*** MATERIAL PROVIDED ***

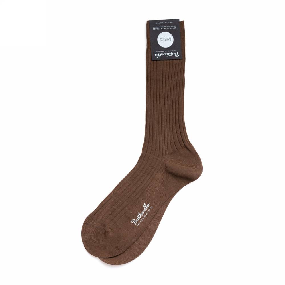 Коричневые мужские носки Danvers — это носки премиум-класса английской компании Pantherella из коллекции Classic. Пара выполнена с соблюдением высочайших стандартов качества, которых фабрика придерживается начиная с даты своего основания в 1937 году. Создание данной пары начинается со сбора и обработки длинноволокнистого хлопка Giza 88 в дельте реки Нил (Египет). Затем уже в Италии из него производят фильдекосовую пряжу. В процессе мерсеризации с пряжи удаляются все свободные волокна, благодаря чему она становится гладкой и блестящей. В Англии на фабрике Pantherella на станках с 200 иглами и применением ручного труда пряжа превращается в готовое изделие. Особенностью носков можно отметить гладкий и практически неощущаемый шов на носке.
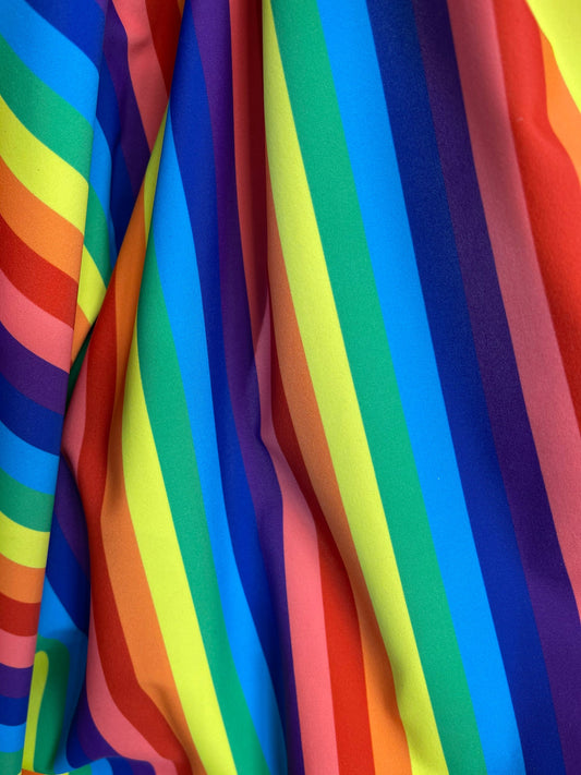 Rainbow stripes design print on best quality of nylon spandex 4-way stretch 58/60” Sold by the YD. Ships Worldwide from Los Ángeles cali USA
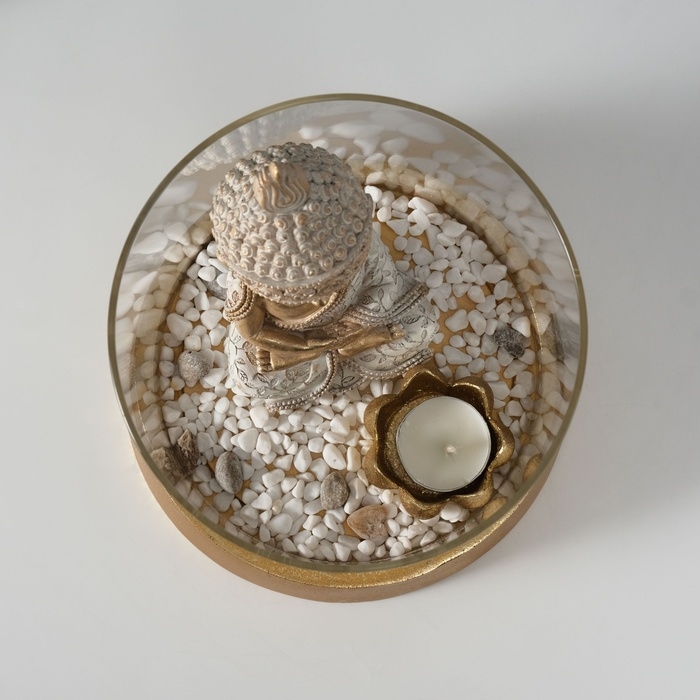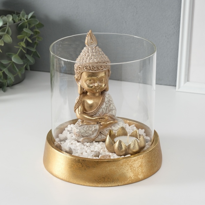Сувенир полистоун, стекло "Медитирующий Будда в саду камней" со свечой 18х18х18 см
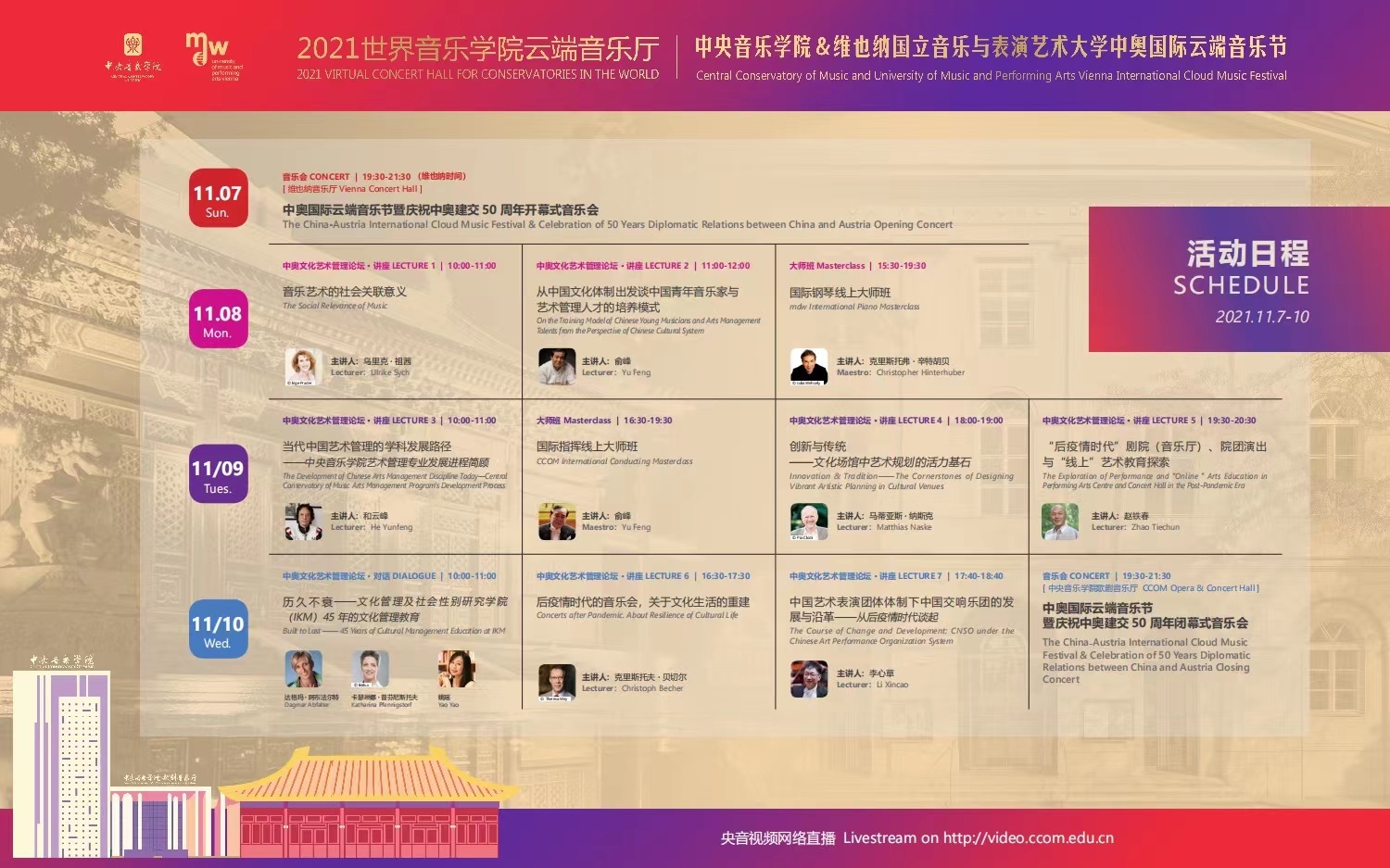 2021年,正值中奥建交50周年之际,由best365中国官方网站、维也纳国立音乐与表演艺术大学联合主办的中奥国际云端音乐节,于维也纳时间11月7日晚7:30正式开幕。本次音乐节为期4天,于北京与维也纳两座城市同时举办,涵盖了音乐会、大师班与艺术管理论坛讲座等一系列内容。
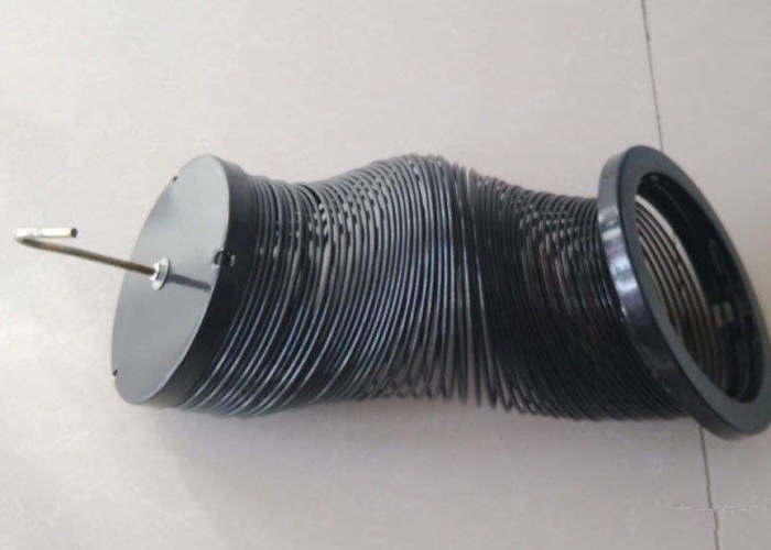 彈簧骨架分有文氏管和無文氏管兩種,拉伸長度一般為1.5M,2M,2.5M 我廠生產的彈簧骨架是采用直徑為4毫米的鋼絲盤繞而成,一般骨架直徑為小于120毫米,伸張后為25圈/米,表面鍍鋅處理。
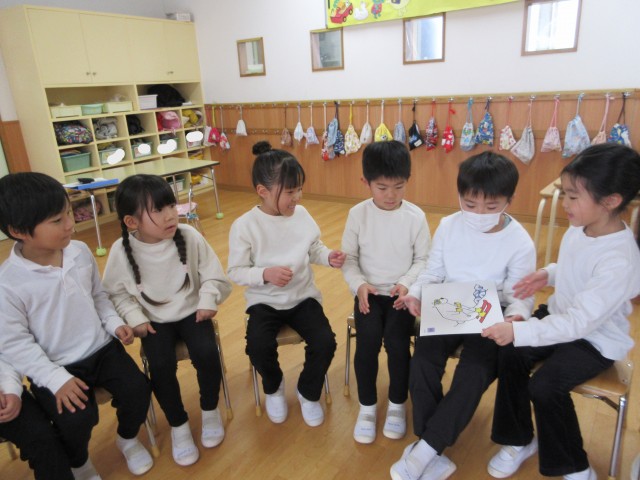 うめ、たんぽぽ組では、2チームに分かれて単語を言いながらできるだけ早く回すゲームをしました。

*** End of MATERIAL PROVIDED ***

WORK REQUIRED: Reproduce the lines above letter for letter. The pictures stay behind.

SOLUTION:
 Коричневые мужские носки Danvers — это носки премиум-класса английской компании Pantherella из коллекции Classic. Пара выполнена с соблюдением высочайших стандартов качества, которых фабрика придерживается начиная с даты своего основания в 1937 году. Создание данной пары начинается со сбора и обработки длинноволокнистого хлопка Giza 88 в дельте реки Нил (Египет). Затем уже в Италии из него производят фильдекосовую пряжу. В процессе мерсеризации с пряжи удаляются все свободные волокна, благодаря чему она становится гладкой и блестящей. В Англии на фабрике Pantherella на станках с 200 иглами и применением ручного труда пряжа превращается в готовое изделие. Особенностью носков можно отметить гладкий и практически неощущаемый шов на носке.
 Rainbow stripes design print on best quality of nylon spandex 4-way stretch 58/60” Sold by the YD. Ships Worldwide from Los Ángeles cali USA
Сувенир полистоун, стекло "Медитирующий Будда в саду камней" со свечой 18х18х18 см
 2021年,正值中奥建交50周年之际,由best365中国官方网站、维也纳国立音乐与表演艺术大学联合主办的中奥国际云端音乐节,于维也纳时间11月7日晚7:30正式开幕。本次音乐节为期4天,于北京与维也纳两座城市同时举办,涵盖了音乐会、大师班与艺术管理论坛讲座等一系列内容。
 彈簧骨架分有文氏管和無文氏管兩種,拉伸長度一般為1.5M,2M,2.5M 我廠生產的彈簧骨架是采用直徑為4毫米的鋼絲盤繞而成,一般骨架直徑為小于120毫米,伸張后為25圈/米,表面鍍鋅處理。
 うめ、たんぽぽ組では、2チームに分かれて単語を言いながらできるだけ早く回すゲームをしました。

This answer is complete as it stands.